October 16th, 2025 Rhiannon Potkey
ISE Project Helps DOD Manage Parts Supply Chain
Chad Uhles, a fourth-year PhD student at the University of Tennessee. Credit: University of Tennessee

If a part for an old refrigerator in your garage is no longer made, it's easy to replace the entire refrigerator with a new one. If the same thing happens with a part for a military submarine or helicopter, the outcome can be much more dire and expensive.

Researchers in the Department of Industrial Systems and Engineering at the University of Tennessee are collaborating on a project for the U.S. Department of Defense to develop a knowledge-driven and analytics-driven conversational AI agent that can assist analysts with managing parts obsolescence. Parts obsolescence occurs when parts become unavailable due to causes such as suppliers going out of business, suppliers being acquired by a larger company, and changes in environmental and safety regulations.

The hope is that the AI agent will be able to reduce the time and effort required to identify supply chain vulnerabilities and find cost savings opportunities that a human may miss because of the vast number of parts managed by the DOD at the enterprise level.

"These are systems where it's not just a preference to stay up and running; it's a non-negotiable for them to be up and running," said Chad Uhles, a fourth-year Ph.D. student working on the project under ISE Professor and Principal Investigator Jim Ostrowski. "Whenever you have those significant amounts of system downtime, you're going to incur risk well beyond outside of the system. If you look at it from another game theory idea, what can an adversary do in the time that the system is down?
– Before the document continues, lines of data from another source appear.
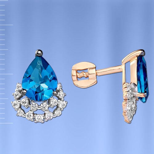 Вставки: 2 лондонских топаза (груша 9.0 х 7.0 мм 2.8 ct),12
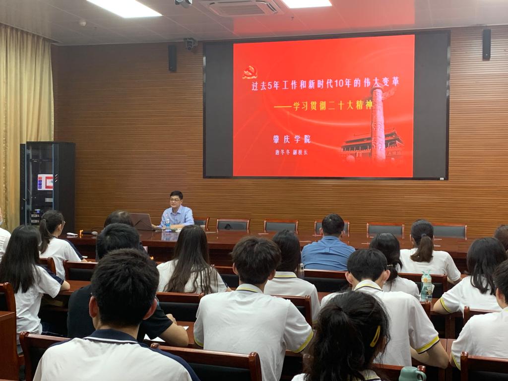 唐冬冬以《过去5年工作和新时代10年的伟大变革》为题,围绕党的十八大后党和国家事业所处的历史方位、党中央治国理政理念战略的深层次变革及新时代十年伟大变革的历史性成就和重大意义等三个方面深入浅出地分析讲解。他强调,新时代十年,以习近平同志为核心的党中央团结带领全党全军全国各族人民攻克了许多长期没有解决的难题,办成了许多事关长远的大事要事。实践证明,党确立习近平同志党中央的核心、全党的核心地位,确立习近平新时代中国特色社会主义思想的指导地位,是有力解决影响党长期执政、国家长治久安、人民幸福安康突出矛盾和问题的最大保证,也是党和国家事业发生历史性变革、取得历史性成就的根本原因。他勉励现场师生,“实现中国梦是一场历史接力赛。新时代的中国青年,生逢其时、重任在肩,广大青年要努力争当行业骨干、青年先锋,在新时代的征程中发挥光和热,在中华民族伟大复兴中贡献自己的力量。”
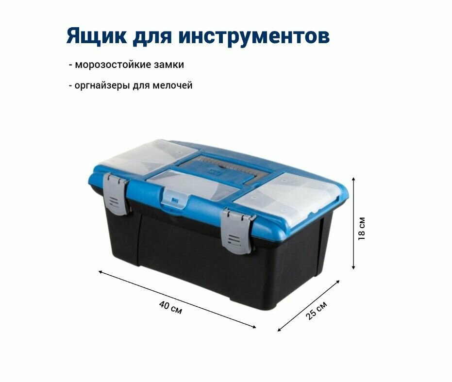 Ящик для инструментов Jettools 16 с морозостойкими замками и органайзером 400*250*180 мм
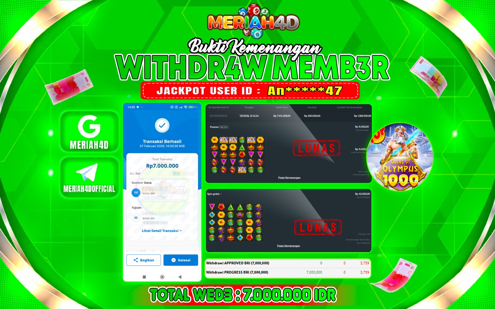Selamat Kepada ID : an*****47 Atas Withdraw Rp. 7.000.000 Juta Hari ini. Ditunggu Withdraw Selanjutnya dan ajak juga teman temannya bergabung di Meriah4d
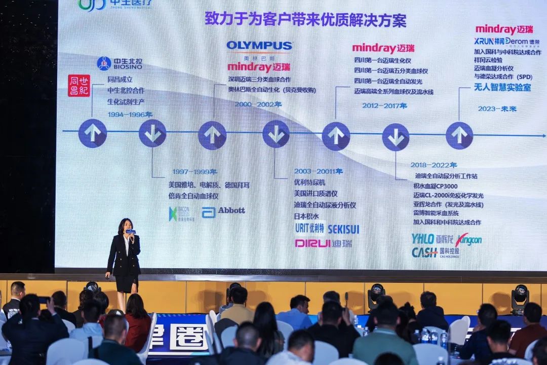 在產品宣介環節,亞輝龍市場部西南區總監陳萍、中生北控西區總監王紅娟、迪瑞醫療四川省區經理雍帥東、邁瑞醫療成都分公司IVD市場經理王陽、中生醫療渠道部經理趙鳳瀾分別為大家分享了廠家產品介紹和“世紀同昌2023年分銷政策宣講”。

How can they take advantage of it?"

Creating an Efficient System

Uhles, who is doing his thesis at UT on obsolescence management, says organizations have three main ways to combat the issue: they can stock up on supply, try to find an alternate supplier, or redesign the system to use an entirely different part.
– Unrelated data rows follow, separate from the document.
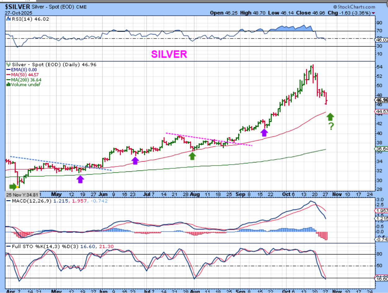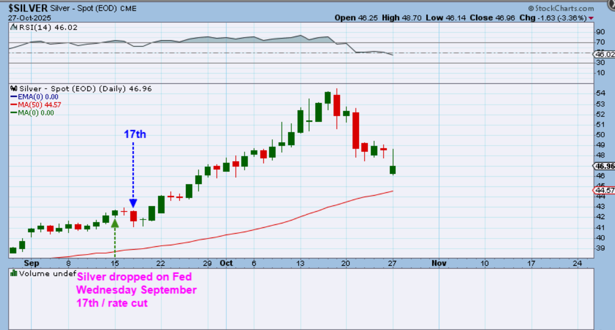 SILVER could drop to the 50sma, if it does what it did on September 17th with that rate cut, but to be honest, we cannot know for sure. We are coming due for a dcl though.
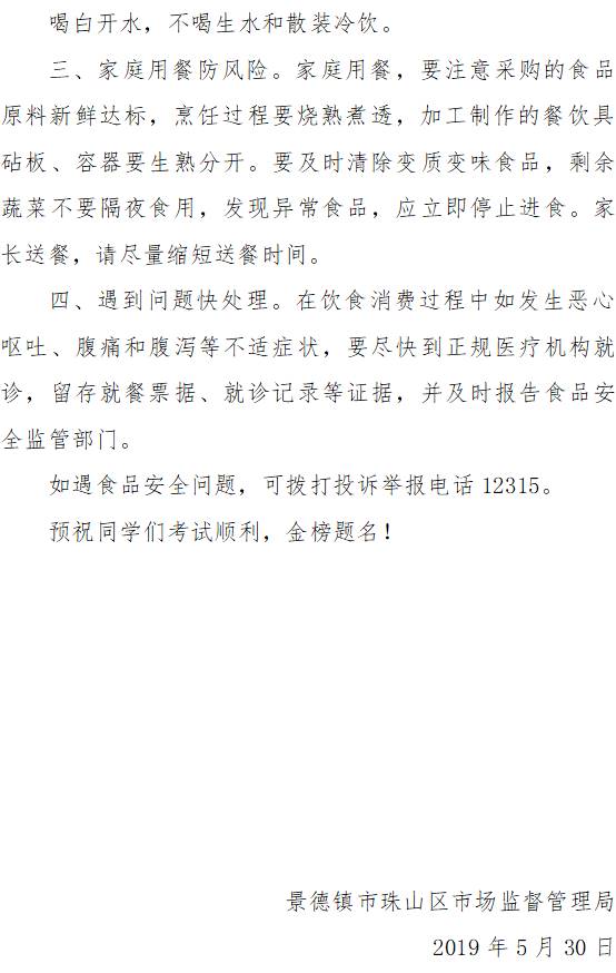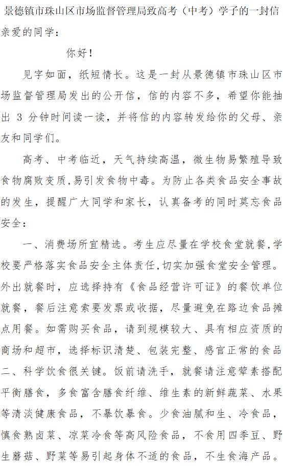 景德镇市珠山区市场监督管理局致高考(中考)学子的一封信
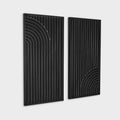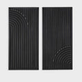 Enhance your living space with this sophisticated set of two metal wall decor pieces. Measuring 16" x 33" each, these sleek, black artworks showcase an intricate interplay of geometric arches and lines, bringing a contemporary flair to your interior design. Their minimalist yet striking design effortlessly adds a touch of modern elegance to any room.

"The military is increasingly running into this issue because some systems were designed in the '50s, '60s and '70s and they didn't think they were going to make it to year 2025," Uhles said. "If something goes out on these machines, the company that made the part may not be in business anymore. So where are we going to be getting these parts from? Or how are we going to be able to identify substitutes?"
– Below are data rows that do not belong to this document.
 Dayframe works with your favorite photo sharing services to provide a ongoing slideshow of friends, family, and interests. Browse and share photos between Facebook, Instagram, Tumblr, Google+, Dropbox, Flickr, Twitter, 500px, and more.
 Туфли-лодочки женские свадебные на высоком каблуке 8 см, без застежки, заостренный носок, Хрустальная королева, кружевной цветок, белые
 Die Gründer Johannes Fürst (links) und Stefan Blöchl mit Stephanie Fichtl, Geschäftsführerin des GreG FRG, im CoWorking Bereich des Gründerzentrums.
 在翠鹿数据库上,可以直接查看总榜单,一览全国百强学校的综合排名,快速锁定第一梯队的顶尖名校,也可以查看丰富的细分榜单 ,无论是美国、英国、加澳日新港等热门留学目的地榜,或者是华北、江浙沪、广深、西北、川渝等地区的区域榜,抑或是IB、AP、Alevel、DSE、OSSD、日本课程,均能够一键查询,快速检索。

The AI agent will be designed to improve readiness by preventing delays in repair and maintenance caused by outdated or unavailable parts. This process will happen through integration into a parts management system, providing the system with advanced decision-support capability.

Given the age of some of the equipment used in the military, a part could go obsolete in five months or in five years.

"Because there's so much uncertainty in that window, you're trying to balance the amount of inventory that you have," Uhles said. "You don't want to have too much inventory on hand, while also making sure you have enough to get to whatever goal that you have set for system support. So that's really the balance that we're striking right now."

Cost-Saving Strategies

The team involved in the DOD project is in the early phase of generating ideas to determine optimal spare part inventory levels that will mitigate obsolescence in the most cost-effective way.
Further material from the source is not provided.